If I don’t say something out loud, I’ll often write it. People read what I write and some people connect to it. Other people get angry or offended and try to silence me. I’ve gotten plenty of negative feedback on posts I write on my blogs. It always surprises me how upset people can get when another person dares to express themselves, even on something like a blog post. It’s like they can’t fathom how or why someone might want to write something down. They can’t seem to understand why I would write something so upsetting to them, seeming to forget that I don’t even know the vast majority of the people who read my words, and they don’t know me. I have no idea what most people’s personal situations are, or what will trigger them. Most of what I write isn’t for other people anyway. It’s for me. Moreover, while this is mostly a public blog, it’s still my space. Anyone who reads this has come into my space, the same way they might visit another person’s home. Everyone is free to leave my home anytime they want to.

I can be funny and entertaining for some people, yet others have told me I rub them the wrong way. I find that it’s usually “leaders” and controlling types who don’t like me, because I’m not much of a follower. I don’t take orders well, particularly if I sense that the person doing the ordering is not worthy of being followed. I do best when I work independently and am allowed to be creative.

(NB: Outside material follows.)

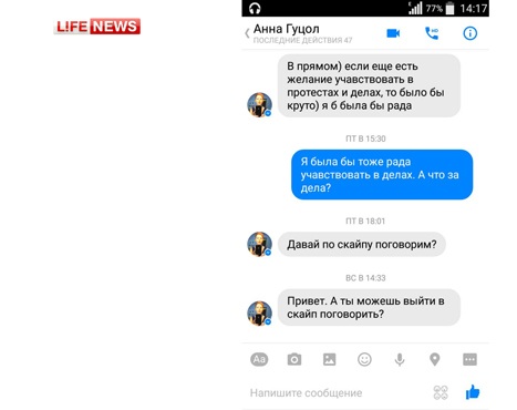 «Есть вливания. Финансовые вливания. Есть возможность поднять на новый уровень движение и получать до штуки (тысячи долларов. — Прим. ред.) за одну акцию. Готова ли ты принимать в этом участие, можешь ли ты кого-то из девчонок ещё подключить?» — поинтересовалась Гуцол в телефонном разговоре с одной и активисток.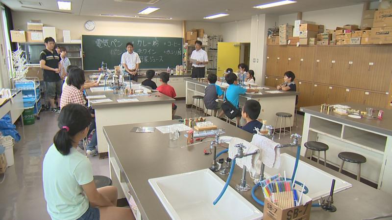 これは、理科が好きな子どもを育てようと、米沢市教育委員会が山形大学の協力を得て、小学生とその保護者を対象に行っている理科実験教室です。

I haven’t seen my friend in person in many years. We knew each other in high school and are now connected only on Facebook. She’s always struck me as smart, talented, caring and kind. While there’s a pragmatic side of me that would worry about trying so many different academic programs, there’s another side that thinks about how short life is… and how there are only so many opportunities to try new things. People are going to say whatever. They’re going to think what they’re going to think. It’s her life… and this is my life. When it comes down to it, deep down, most people know what’s in their hearts and what they can do.

There’s so much truth in this. The older I get, the more I realize that other people’s opinions, especially about me and what I do, are none of my business… because they are mostly formed by things that have nothing at all to do with me.

While I wish I were still as young, healthy, and pretty as I used to be– even though my love life is much better in my 40s– I would not want to relive any part of my life. Wisdom is a good thing. So is the ability to tell other people to fuck off without fearing repercussions. In my case, telling people to fuck off happens verbally or non-verbally. I can’t help it. But I really am a nice person deep down… I have a big heart and a great capacity for compassion. If people want to think I’m more of a bird flipping lion, that’s on them. Sometimes being thought of in that way is also advantageous.

Those are my deep thoughts for today. Now it’s time to watch Bill brew his latest homebrew.